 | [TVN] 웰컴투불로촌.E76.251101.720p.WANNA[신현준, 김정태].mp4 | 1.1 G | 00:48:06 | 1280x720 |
==
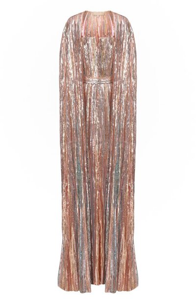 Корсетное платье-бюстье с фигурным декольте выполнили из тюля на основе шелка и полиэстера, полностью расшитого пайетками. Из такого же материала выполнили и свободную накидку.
...
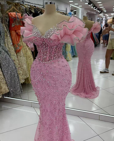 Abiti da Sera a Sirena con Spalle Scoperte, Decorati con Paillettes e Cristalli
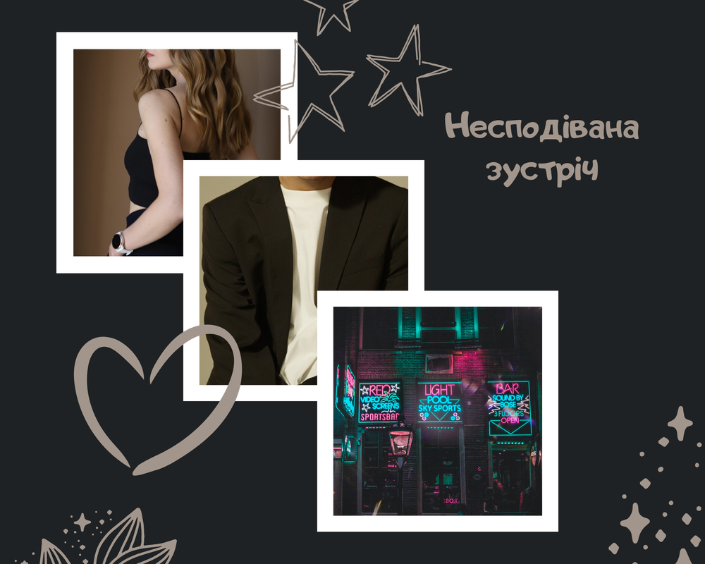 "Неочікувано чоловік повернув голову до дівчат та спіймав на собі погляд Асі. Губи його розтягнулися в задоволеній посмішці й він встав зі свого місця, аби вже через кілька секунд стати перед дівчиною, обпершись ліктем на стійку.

_BRIEF_. Return exactly the lines of the material above, starting at the line containing "Abiti da Sera" and finishing at the line containing "ліктем на стійку.", without any pictures.

_RESPONSE_.
 Abiti da Sera a Sirena con Spalle Scoperte, Decorati con Paillettes e Cristalli
 "Неочікувано чоловік повернув голову до дівчат та спіймав на собі погляд Асі. Губи його розтягнулися в задоволеній посмішці й він встав зі свого місця, аби вже через кілька секунд стати перед дівчиною, обпершись ліктем на стійку.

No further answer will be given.